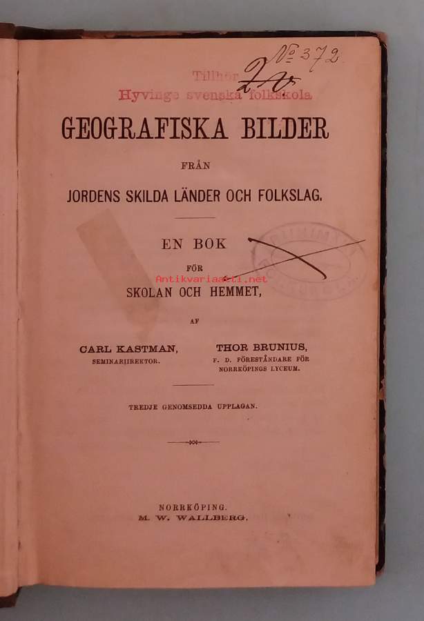 Tämä maantieteellinen tietokirja on suunnattu kouluille ja kotilukemistoksi. Se edustaa 1800-luvun lopun pedagogista kirjallisuutta, jossa yhdistyvät kansantieteelliset kuvaukset, maantieteelliset tiedot ja moraalikasvatus. Ex-koulukirja (Hyvinge svenska folkskola), leima ja numerointi. Denna geografiska fackbok på svenska är avsedd för skolor och hemmabruk. Den representerar pedagogisk litteratur från slutet av 1800-talet, där etnografiska skildringar, geografisk kunskap och moralundervisning förenas. Verket är den tredje genomgångna upplagan, utgiven av M. W. Wallberg i Norrköping. Dimensiot 10 ¤ 12 cm
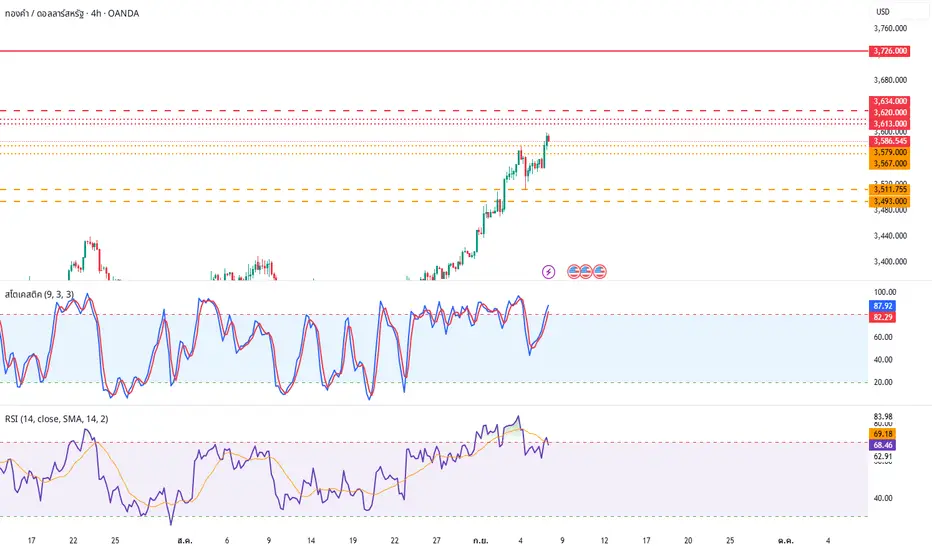 แนวต้านโซนแรก หากราคาทองคำยังคงขึ้นต่อจะมีต้าน 3597 - 3600 และต้านถัดไป 3613 - 3620
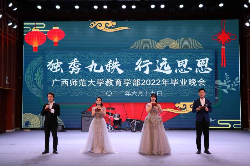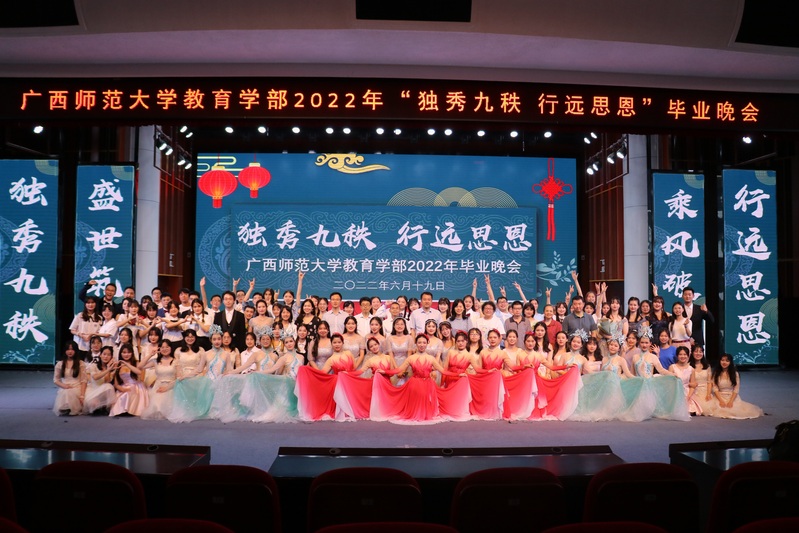 在喜迎90周年校庆之际,6月19日,教育学部于雁山校区音乐学院三楼综合厅举办2022年“独秀九秩 行远思恩”毕业晚会。校党委常委、副校长、教育学部部长孙杰远出席本次晚会,教育学部党政领导、教师代表、辅导员以及2022届毕业生、在校生代表等参加本次毕业晚会,晚会采用网络同步直播。
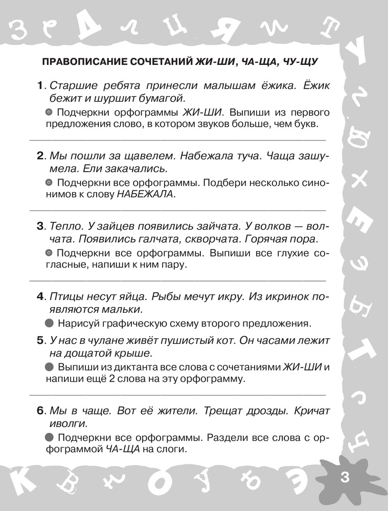 Всего 2–4 предложения, а ваш ученик повторил более 10–15 орфограмм и выполнил грамматическое задание, которое обязательно встретится ему во всех видах контрольных и проверочных работ. Кроме того, предлагаемые тексты можно использовать в качестве диктантов
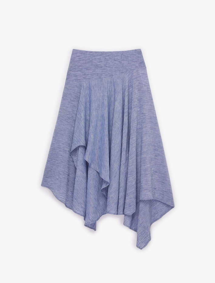 Asimetrik Kesim Normal Bel Midi Keten Görünümlü Etek Sepete Ekle
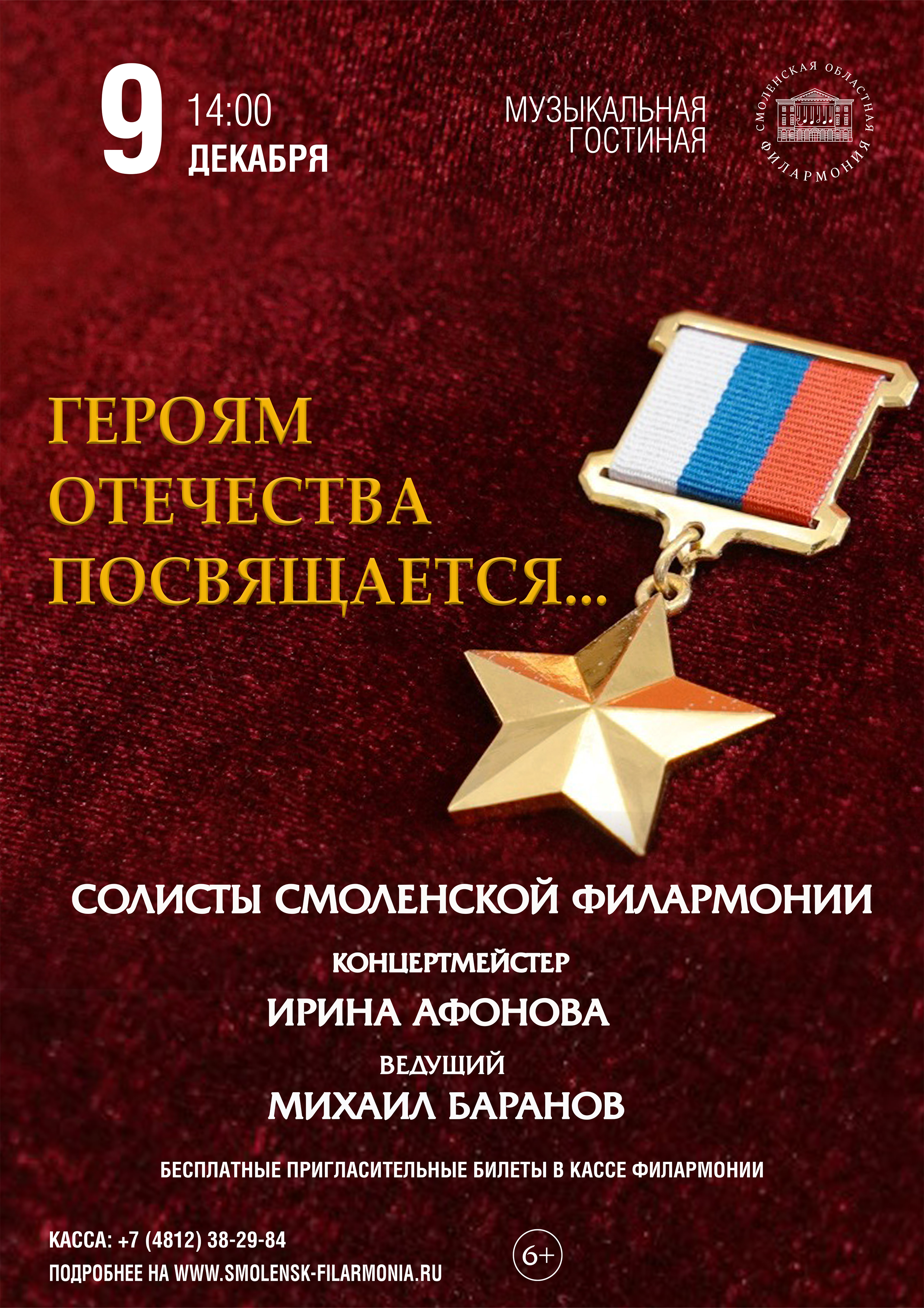 9 декабря в 14.00 в Смоленской областной филармонии состоится концерт ко Дню Героев Отечества «Героям Отечества посвящается…».
■ ■ ■
**Assignment**
Where the line holding "แนวต้านโซนแรก หากราคาทองคำยังคงขึ้นต่อจะมีต้าน 3597" appears, start copying, and continue exactly through the last line of the listing, both ends included, skipping the pictures.

**Task solution**
 แนวต้านโซนแรก หากราคาทองคำยังคงขึ้นต่อจะมีต้าน 3597 - 3600 และต้านถัดไป 3613 - 3620
 在喜迎90周年校庆之际,6月19日,教育学部于雁山校区音乐学院三楼综合厅举办2022年“独秀九秩 行远思恩”毕业晚会。校党委常委、副校长、教育学部部长孙杰远出席本次晚会,教育学部党政领导、教师代表、辅导员以及2022届毕业生、在校生代表等参加本次毕业晚会,晚会采用网络同步直播。
 Всего 2–4 предложения, а ваш ученик повторил более 10–15 орфограмм и выполнил грамматическое задание, которое обязательно встретится ему во всех видах контрольных и проверочных работ. Кроме того, предлагаемые тексты можно использовать в качестве диктантов
 Asimetrik Kesim Normal Bel Midi Keten Görünümlü Etek Sepete Ekle
 9 декабря в 14.00 в Смоленской областной филармонии состоится концерт ко Дню Героев Отечества «Героям Отечества посвящается…».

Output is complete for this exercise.